28 March-3 April 2014 #700

Seeing the light in khumbu

Situated at 4400m, Dingboche’s 24 lodges survive on income from passing trekkers.
Kishor Rimal in DINGBOCHE

KISHOR RIMAL
This tiny village in the lap of Mt Everest is just a tea stop for many trekkers on their way up to Base Camp. Few trekkers linger here to admire the stupendous view of Ama Dablam that towers above, and the rampart of the Nuptse-Lhotse ridge to the north.

Situated at 4400m and two days up from Namche, Dingboche’s 24 lodges survive on income from passing trekkers. They need fuel for cooking, and since the dwarf junipers on the mountainsides are protected, they have to import kerosene or gas brought up on yak back all the way from the nearest roadhead in Salleri, seven day’s trek down the valley.

By the time it gets up here, one litre of kerosene costs nearly $3 and an LPG cylinder costs $100. An average lodge uses up to 400 litres of kerosene a month. Dingboche residents already have solar lighting, but the question remains how to replace kerosene and gas for cooking?

The Khumbu Alpine Conservation Council has signed an agreement with the Kathmandu-based Gham Power Nepal to rig up a micro solar grid to be run by a cooperative in Dingboche. The project is expected to cost about Rs 52.5 million and the locals are putting up 20 per cent up front. The rest will be a bank loan to be repaid in up to 10 years.

Karma Sherpa who owns a lodge in Dingboche, says the affordability and availability of kerosene and gas is a make-or-break issue for his town’s tourism-dependent economy. “Electricity for light is not an issue at all,” he told us, “we need energy to cook and heat, and the price of that energy is crucial.”

Photos: Kishor Rimal

The proposal for Dingboche is a 130kW solar micro grid with a battery storage of 2,000 ampere hours that can power room heating, cooking, refrigerators and even computers in cyber cafes. The whole system will cost up to $585,000 and local lodge owners are ready to put up 20 per cent of that amount and take out a loan to repay in 5-10 years.

Local resident Angchiri Sherpa is confident that this venture, besides making business sense, will also set an example for clean energy use in the Himalaya. “Burning kerosene and gas doesn’t make much sense when global warming is melting these mountains,” he adds, gesturing at the surrounding peaks.
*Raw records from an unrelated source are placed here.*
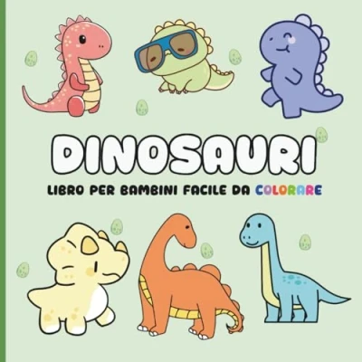 Libro facile da colorare per bambini, dinosauri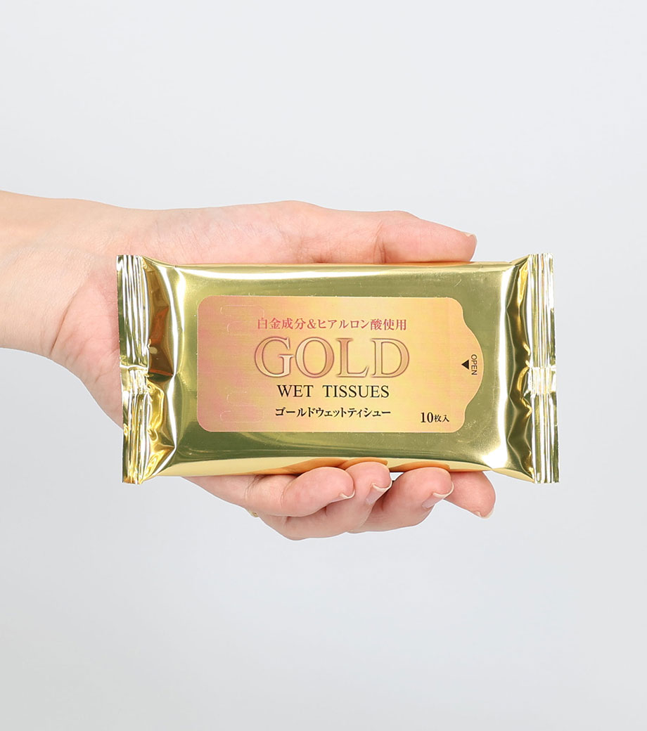 ひと目で印象に残る華やかなウェットティッシュ。高級感あふれるゴールドパッケージはインパクト抜群で手に取った瞬間に特別感を演出します。
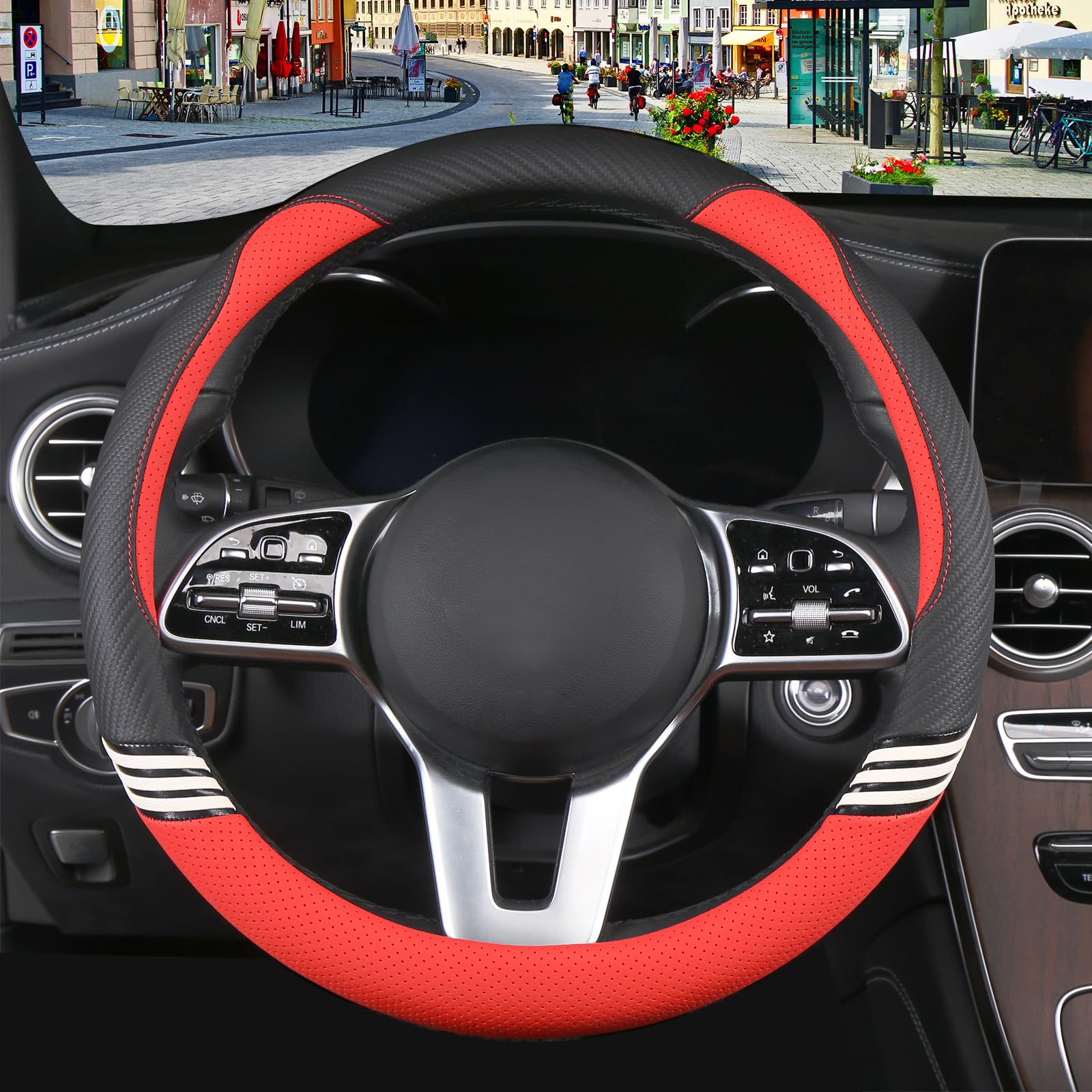 BREATHABLE LEATHER STEERING WHEEL COVER: Made out of superior breathable leather. Heat resistant, cold resistant and wear-resistant.
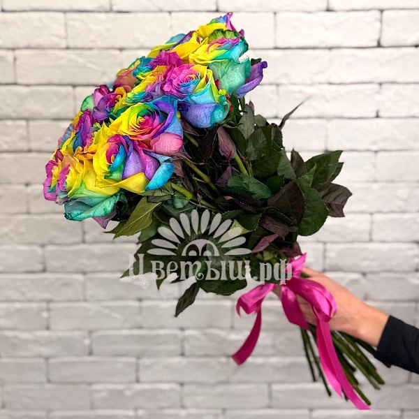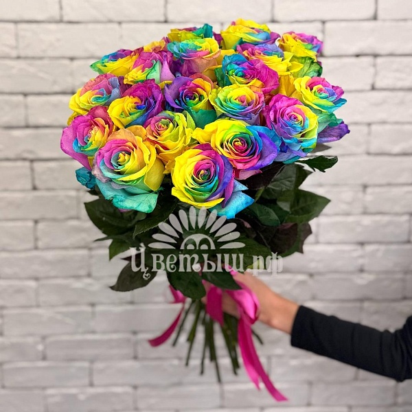 Букет из 21 радужных роз — яркая, креативная и эмоционально насыщенная цветочная композиция, которая привлекает внимание своей необычной палитрой. Радужные розы создают настроение праздника, радости и вдохновения, делая этот букет эффектным и запоминающимся подарком для самых тёплых моментов!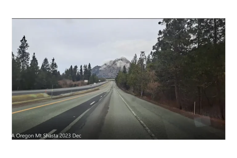 A dashcam video recorded during a yurt delivery tour. Mount Shasta, California, USA – December 2023

The government subsidises solar home lighting and micro hydro, but there is no policy on solar micro grids like the one being proposed for Dingboche. Says Sandeep Giri of Ghampower: “Instead of waiting for the government, the 23 lodge owners in Dingboche saw the possibility of generating their own electricity and improving their overall quality of life. We are proud and honoured to partner with them to make this sustainable solution feasible.”